Три истории: животные, которые нашли свой дом
Герои материала рассказали Time Out Pets, как и почему они решили взять животных с улицы.
Проблему беспризорных животных в России озвучивали множество раз, в июле даже предпринималась попытка принять закон «Об ответственном обращении с животными», но слушания перенесли на осеннюю сессию. Однако даже с принятыми законами людям, решившим спасти бездомное животное, будет непросто.
Ветеринарные клиники зачастую отказываются лечить покалеченное, обезображенное животное с улицы, предлагая усыпление как единственное решение. Поддержку среди окружающих тоже найти непросто — культура сопереживания еще не достигла должного уровня. В таких условиях жизнь беспризорника зачастую остается в руках неравнодушного энтузиаста.
При этом грешить только на российскую систему не стоит. Несмотря на то что в западных странах ответственность за жестокое обращение намного строже, даже там можно встретить погибающих на улице животных. Ветеринары с теми же интонациями отказываются лечить бездомных, а приюты сообщают о невозможности принять еще одного подопечного, так как они переполнены.

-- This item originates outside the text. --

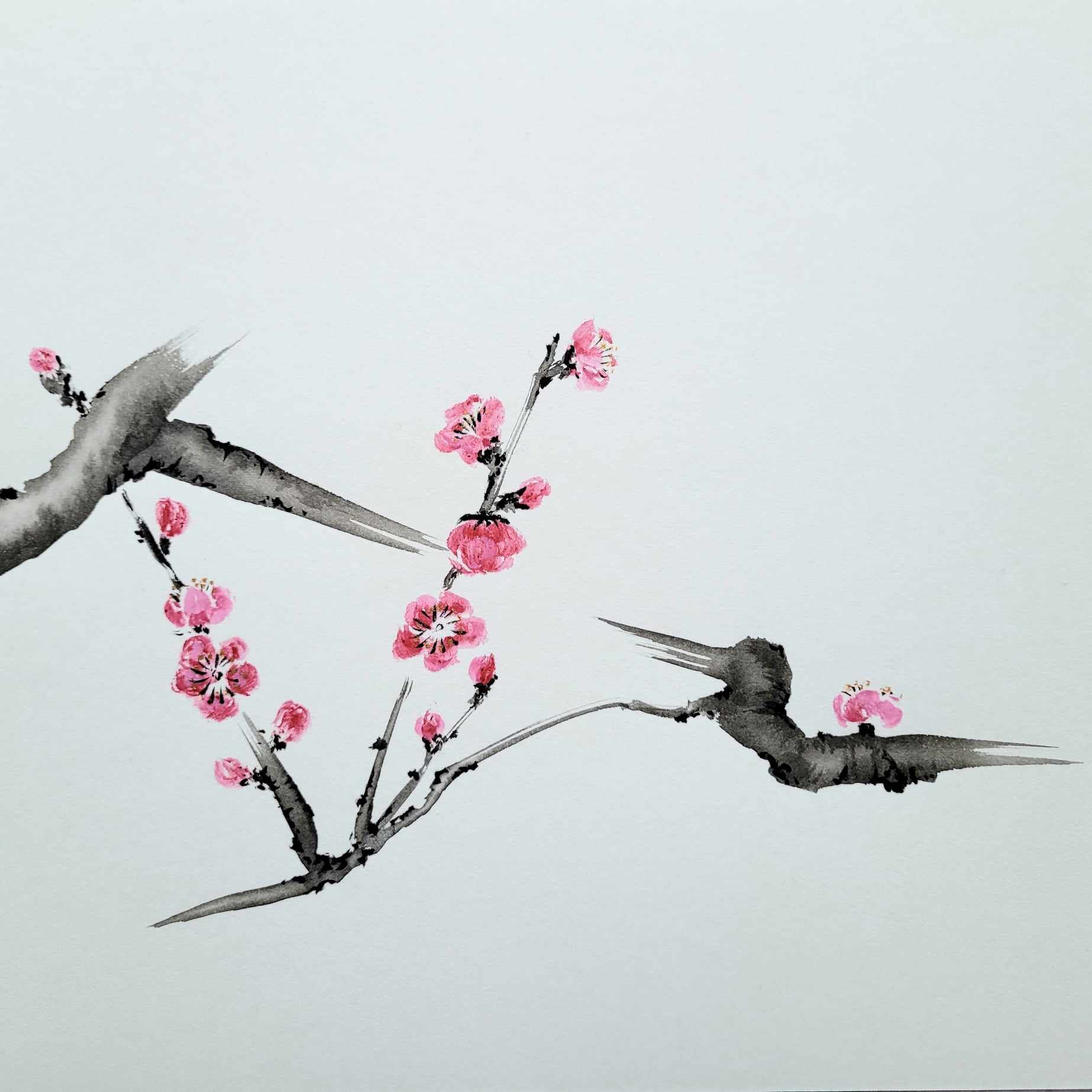 Japonia - forma i doświadczenie. Warsztaty malarstwa tuszowego, temat: kwiat śliwy

Однако благодаря более длительному процессу формирования благотворительной культуры там существуют, например, такие организации, как Hope for Paws («Надежда для лап» — пер. с англ.), которые не только могут позволить разместить у себя бездомное животное, но и имеют собственный штат ветеринаров, место для реабилитации и ресурсы для долговременного содержания тяжелобольной собаки или кошки. Такие организации занимаются масштабными пиар-кампаниями, чтобы сборы покрывали баснословные расходы.

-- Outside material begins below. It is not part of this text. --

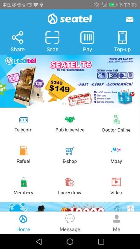 Seashop គឺជាAPPទូរសព្ទដៃដែលមាន “សុវត្ថិភាព មានប្រសិទ្ឋភាព និងងាយស្រួលប្រើ” បង្កើតឡើងដោយក្រុមហ៊ុនSeatel។ ក្រៅពីផ្តល់សេវាបញ្ចូលទឹកប្រាក់ ការត្រួតពិនិត្យវិក័យបត្រ ការគ្រប់គ្រងទិន្នន័យក៏ដូចជាសេវាកម្មជំនួយដល់អតិថិជនផ្ទាល់ ថែមទំាងមានផ្សារអេឡិចត្រួនិច ទូទាត់ទឹកប្រាក់ដែលមានទំហំតូច ការបញ្ចុះតំលៃសម្រាប់សមាជិក រង្វាន់លើការកម្សាន្ត មុខងារពិសេសផ្សេងទៀត ព្រមទាំងសេវាកម្មHot Lineសម្រាប់បម្រើអតថិជនផងដែរ។ ឆ្នំា២០១៦ ចាប់ផ្តើមជម្រុញសេវាទូទាត់ “Mpay” ក្នុងការទូទាត់ថ្លៃអាហារ សណ្ឋាគារ ថ្លៃព្យាបាល ឆ្នោតផ្សងសំណាង ព្រមទាំងសហប្រតិបត្តិការជាមួយវិស័យផេ្សងទៀត លើការបញ្ចុះតម្លៃការចាក់ប្រេងឥន្ធនៈ ពិគ្រោះជម្ងឺអនឡាញ ឆ្នោតអនឡាញក៏ដូចជាអាជីវកម្មផ្សេងទៀតលើអ៊ីនធឺណិត។ QR codeទូរសព្ទងាយស្រួលធ្វើការទូទាត់ ធ្វើអោយអ្នកទទួលបានភាពរីករាយយ៉ាងពេញលេញ “គ្រប់ពេលវេលា គ្រប់ទីកន្លែង ដោយសេរី” ជាមួយបទពិសោធន៏នេះ។

Герои сегодняшнего материала не могут похвастаться таким охватом и ресурсами, однако это не помешало им совершить настоящий поступок — спасти бездомное животное. Они рассказали Time Out, с каким трудностями им пришлось столкнуться и какую награду получили, когда все же смогли выходить питомца.
Маргарита Воробьева,
журналист, ветеринарный фельдшер
«Черри появилась у меня, когда еще была щенком, — в сентябре 2015 года. Я шла домой и увидела не взрослую, но уже крупную овчарку, которая лежала на асфальте и не двигалась, — было ясно, что ей плохо. Я взяла её. Собака была сильно истощена, у нее были проблемы с мочевым пузырем и желудком: ее постоянно рвало, первое время она не ела собачий корм. В общем, ее нужно было лечить — начались всякие прививки, обработки.
Когда она поправилась и стала огромных размеров, с ней нужно было много гулять, чтобы она не деградировала. Я вставала в 5 утра, в холод, носилась с мячом и фрисби, разучивала с Черри команды, потом ехала на работу, возвращалась и снова на час в лес. И так шесть месяцев.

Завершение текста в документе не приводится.